Required action: Write all of the entries out again exactly, but not the images.

Dataset items:
○ ○ ○ ○ ○
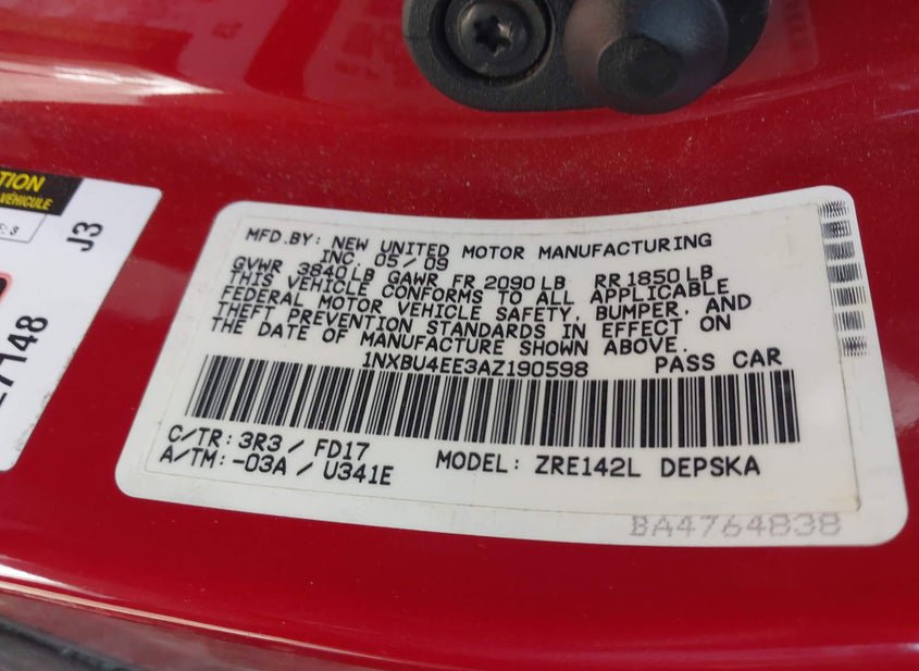- VIN: 1NXBU4EE3AZ190598
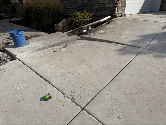 This Sandy, UT home had a sunken driveway panel that created a noticeable lip and trip hazard at the control joints. Settlement from Utah’s freeze–thaw cycles, gutter runoff, and soil washout caused the slab to drop and redirect water toward the garage. Our crew used polyurethane foam injection (PolyLevel®) to lift the concrete back to the correct grade, stabilize the base soils, and restore proper drainage. After the lift, we sealed the joints to help keep water out and protect the repair.
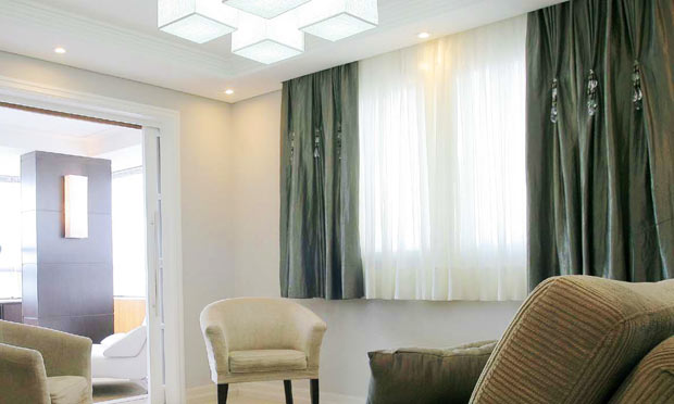 Para a altura do suporte, o ideal é que fique o mais próximo possível do teto. Quando fixadas direto nele, as cortinas e persianas criam um efeito de amplidão no ambiente.
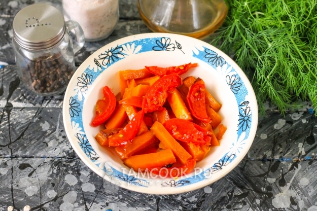 Дайте овощам слегка остыть и нарежьте их ломтиками, выложите в тарелку.
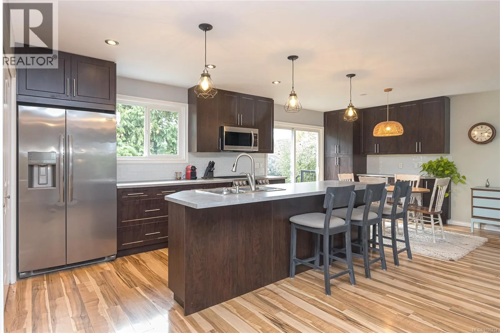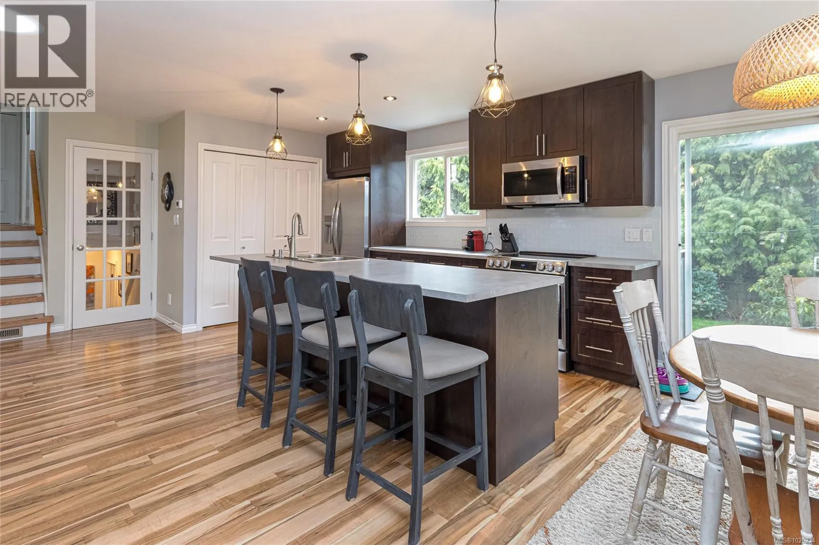 Open Sat 1-3pm. Prepare to be impressed with this tastefully updated Brentwood Bay home. Upon entering the front door you'll appreciate the open concept great-room with tons of space for family & entertaining friends. The gorgeous kitchen with new countertops, appliances & tiled backsplash boasts tons of counter space. The spacious living room features a bay window & cozy gas fireplace. The dining area opens up to the sun soaked south facing backyard - perfect for summer BBQâs. A true gardener's delight! Upstairs you'll find 3 good sized bedrooms, 2 piece ensuite & the main bath. The lower level offers flexibility with a large family room with a wood stove, 3 piece bath & 4th bedroom - easily suitable. Additional features include vinyl windows, 200 Amp electrical, newer hot water tank, new interior paint & skylights. All of this plus a single car garage and fully fenced sunny yard. Walking distance to schools, shopping, beautiful beaches and multiple parks! Don't delay! (id:27476)
○ ○ ○ ○ ○
The answer:
- VIN: 1NXBU4EE3AZ190598
 This Sandy, UT home had a sunken driveway panel that created a noticeable lip and trip hazard at the control joints. Settlement from Utah’s freeze–thaw cycles, gutter runoff, and soil washout caused the slab to drop and redirect water toward the garage. Our crew used polyurethane foam injection (PolyLevel®) to lift the concrete back to the correct grade, stabilize the base soils, and restore proper drainage. After the lift, we sealed the joints to help keep water out and protect the repair.
 Para a altura do suporte, o ideal é que fique o mais próximo possível do teto. Quando fixadas direto nele, as cortinas e persianas criam um efeito de amplidão no ambiente.
 Дайте овощам слегка остыть и нарежьте их ломтиками, выложите в тарелку.
 Open Sat 1-3pm. Prepare to be impressed with this tastefully updated Brentwood Bay home. Upon entering the front door you'll appreciate the open concept great-room with tons of space for family & entertaining friends. The gorgeous kitchen with new countertops, appliances & tiled backsplash boasts tons of counter space. The spacious living room features a bay window & cozy gas fireplace. The dining area opens up to the sun soaked south facing backyard - perfect for summer BBQâs. A true gardener's delight! Upstairs you'll find 3 good sized bedrooms, 2 piece ensuite & the main bath. The lower level offers flexibility with a large family room with a wood stove, 3 piece bath & 4th bedroom - easily suitable. Additional features include vinyl windows, 200 Amp electrical, newer hot water tank, new interior paint & skylights. All of this plus a single car garage and fully fenced sunny yard. Walking distance to schools, shopping, beautiful beaches and multiple parks! Don't delay! (id:27476)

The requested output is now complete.